The tin roof of South America
It's billed as the world's highest developed ski area. By Whistler standards calling Chacaltaya "developed" is a bit of a stretch but it does have a lift of sorts, and at 5,260m (17,257 feet) above sea level it is undeniably high.
As I puffed up the last few hundred metres from where our minibus was stuck in the snow the climb reminded me of an earlier slow-motion struggle across the 5,380m Thorong La pass in Nepal. Just thinking about running moguls at that elevation is enough to make the most dedicated ski-bum gasp for oxygen.
We began our trip to Chacaltaya in La Paz where our small group of travellers joined guide, Marisol, for a tour of the local Altiplano, Bolivia's High Plateau. The city of La Paz is nestled into a deep depression on the edge of the plateau, its one million residents sheltered from the storms that frequently rage across the Altiplano. Our minibus, spewing a cloud of blue exhaust, labours up the endless switchbacks from the city centre, lurches onto the edge of the plateau, and grinds to a halt in the chaotic snarl of El Alto traffic. Marisol takes advantage of the delay to tell us something about El Alto. This is her home. Somewhere in the littered, poverty-ridden sprawl of El Alto is where Marisol lives. An attractive, soft-spoken young woman of mixed Aymara-Spanish heritage, she is a graduate anthropologist. Much better off than most of her neighbours, Marisol hopes to someday travel and work abroad.
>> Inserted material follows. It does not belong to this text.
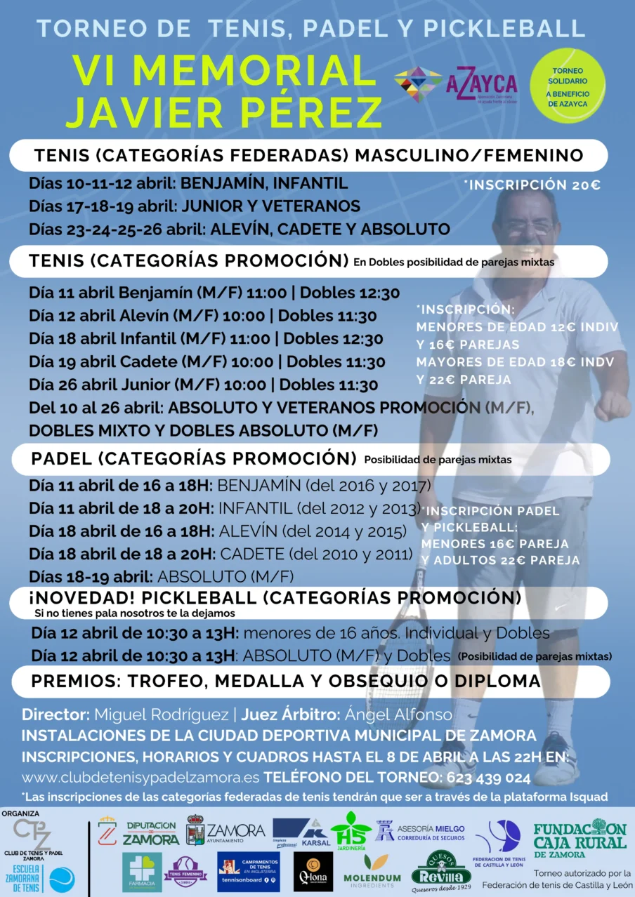 El Club de Tenis y Pádel Zamora ha presentado este martes, en las dependencias de Caja Rural, la sexta edición del Memorial Javier Pérez, un torneo deportivo que se celebra en beneficio de Azayca (Asociación Zamorana de Ayuda frente al Cáncer) y que se disputará del 10 al 26 de abril en las dependencias de la Ciudad Deportiva.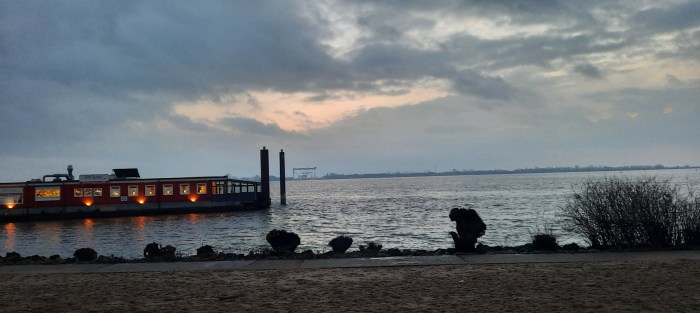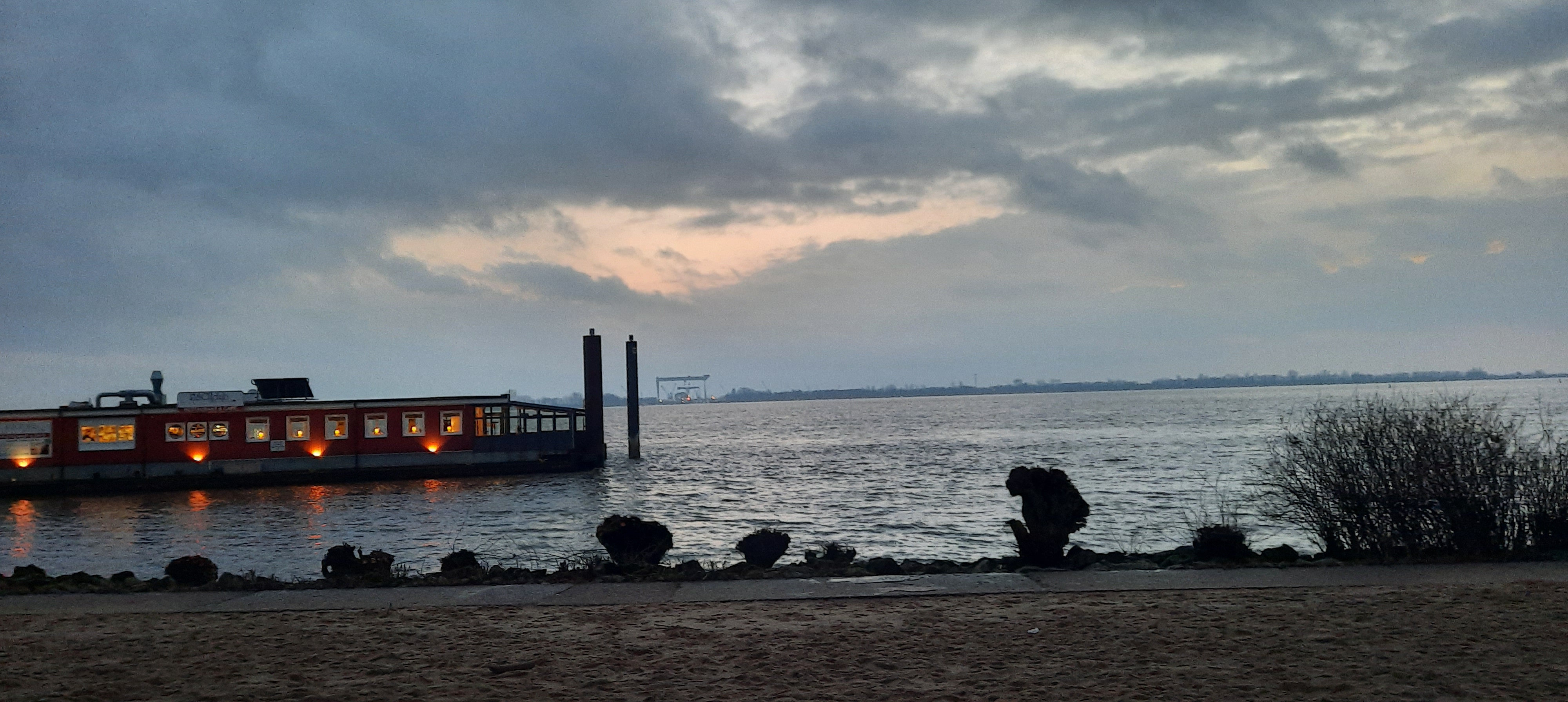 Bei beginnendem Sonnenuntergang und klarer, kalter Luft war es ein herrlicher Spaziergang…erst oberhalb von Blankenese über den Elbhöhenweg und später dann direkt am Wasser entlang…

Once a suburb of La Paz, El Alto has burgeoned into a separate city of more than 800,000 inhabitants. Sometimes referred to by its more affluent neighbours as "the slum in the sky," El Alto has become a refuge for people no longer able to wring a living from the harsh environment of the Altiplano unemployed miners, disillusioned farmers and herders. An influx of people seeking a better life has made El Alto the fastest growing city in Bolivia. Ramshackle adobe homes, many unfinished, line the muddy streets where unkempt kids play in potholes. Women congregate on the banks of a sewage-choked stream to pound their laundry and chat. In the commercial area, car repair shops and junk yards spill onto the littered, unfinished streets.
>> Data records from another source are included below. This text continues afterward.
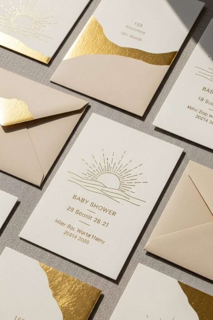 Design invitations using warm neutral backgrounds, subtle sun illustrations, and elegant gold accents. Keep the layout clean and modern so the theme feels stylish, not childish.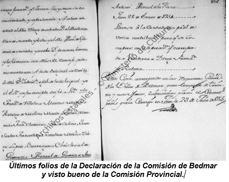 Jaén, 22 de enero de 1754. Llévese a la Contaduría Principal de Única Contribución para que se incorpore en la operación que corresponde. Vereterra. Diego Francisco de Retana. Esta Copia corresponde con las Respuestas Generales de la Villa de Bedmar que se compone de 39 hojas rubricadas por mí el Contador Principal que la corregí en Jaén a 23 de julio de 1754. Rúbrica”.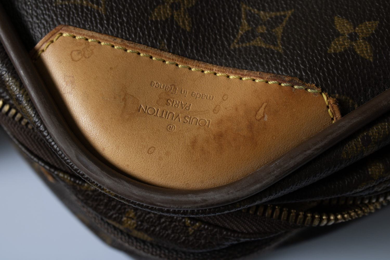 • Louis Vuitton, Monogram canvas satellietkoffer. Binnenzijde is in nette staat. Buitenzijde heeft wat gebruikssporen. Het leer heeft wat vlekken en het canvas is wat uitgedroogd. De rubberen voetjes hebben wat scheurtjes.

But despite the poverty and ugliness the citizens of El Alto are coping and gradually improving their lives. Some, like Marisol, have found good jobs in La Paz. Others, the entrepreneurs, have lined the streets with stalls offering all manner of merchandise at discount prices. Remarkably the mood in El Alto is more one of hope and optimism than one of despair a tribute to the tough and resilient spirit of the folks who have moved here.